__INFORMATION SHOWN__:
[Start of section]
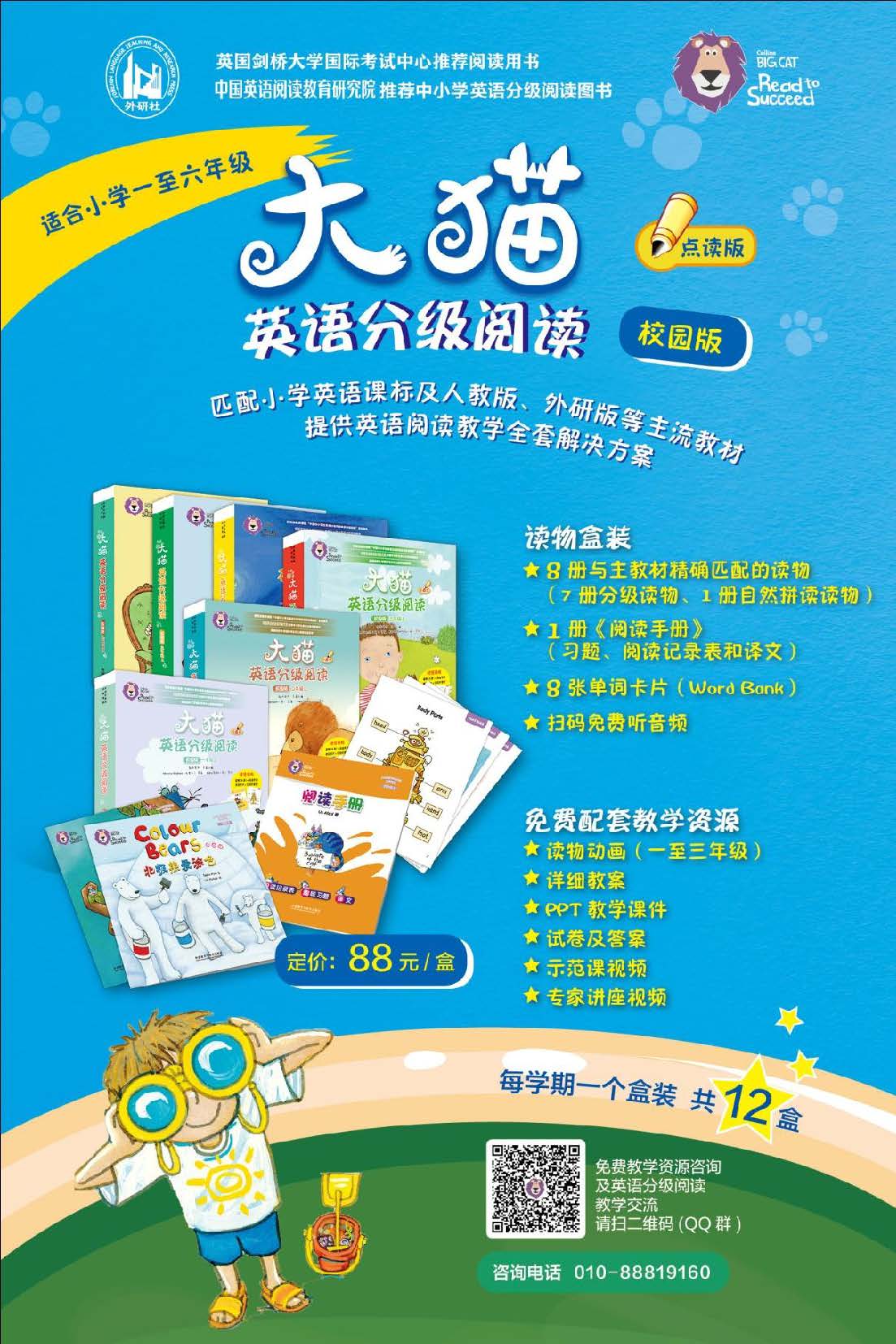 词卡片。读物既可点读,也可扫描图书封底二维码听音频。8本书既包括故事类读物又包括百科类读物,匹配小学英语课标及小学主流教材单元话题,并配有丰富的免费配套教学资源,适合小学四年级下学期阅读教学使用,也适合家庭阅读。
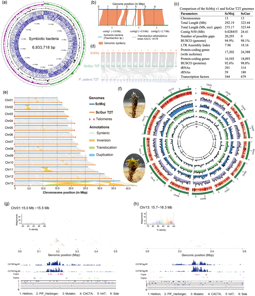 基于其重大的生态和科研价值,中国科学院新疆生地所张道远研究员团队针对上述难题,开发出了古尔班通古特沙漠齿肋赤藓成熟的单克隆组培体系,并利用三代测序技术获取了其内共生菌(类芽孢杆菌)的完整基因组序列,并通过优化的基因组组装策略克服了内共生菌等非核基因组序列干扰的难题,实现了齿肋赤藓13条染色体的完整无缝组装,全基因组最终生成长度为323.44 Mbp,N50为24.41 Mbp,单碱基准确率超过99.999%,是迄今已报道的质量最高的苔藓基因组。
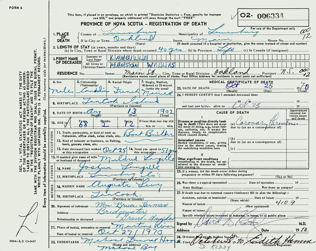 3. PRINT NAME OF DECEASED Langille, Manson Willis
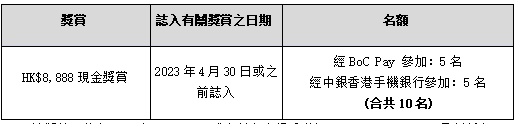 5. 抽獎結果將在2023年4月30日或之前在中銀香港網頁www.bochk.com、最新版本的BoC Pay及中銀香港手機銀行公佈,並按中銀香港紀錄的客戶電話號碼發送得獎通知短訊予獲獎客戶。
[End of section]
__WHAT TO WORK ON__: Word-for-word transcription: the whole listing, with images excluded.

__RESPONSE TO THIS EXERCISE__:
 词卡片。读物既可点读,也可扫描图书封底二维码听音频。8本书既包括故事类读物又包括百科类读物,匹配小学英语课标及小学主流教材单元话题,并配有丰富的免费配套教学资源,适合小学四年级下学期阅读教学使用,也适合家庭阅读。
 基于其重大的生态和科研价值,中国科学院新疆生地所张道远研究员团队针对上述难题,开发出了古尔班通古特沙漠齿肋赤藓成熟的单克隆组培体系,并利用三代测序技术获取了其内共生菌(类芽孢杆菌)的完整基因组序列,并通过优化的基因组组装策略克服了内共生菌等非核基因组序列干扰的难题,实现了齿肋赤藓13条染色体的完整无缝组装,全基因组最终生成长度为323.44 Mbp,N50为24.41 Mbp,单碱基准确率超过99.999%,是迄今已报道的质量最高的苔藓基因组。
 3. PRINT NAME OF DECEASED Langille, Manson Willis
 5. 抽獎結果將在2023年4月30日或之前在中銀香港網頁www.bochk.com、最新版本的BoC Pay及中銀香港手機銀行公佈,並按中銀香港紀錄的客戶電話號碼發送得獎通知短訊予獲獎客戶。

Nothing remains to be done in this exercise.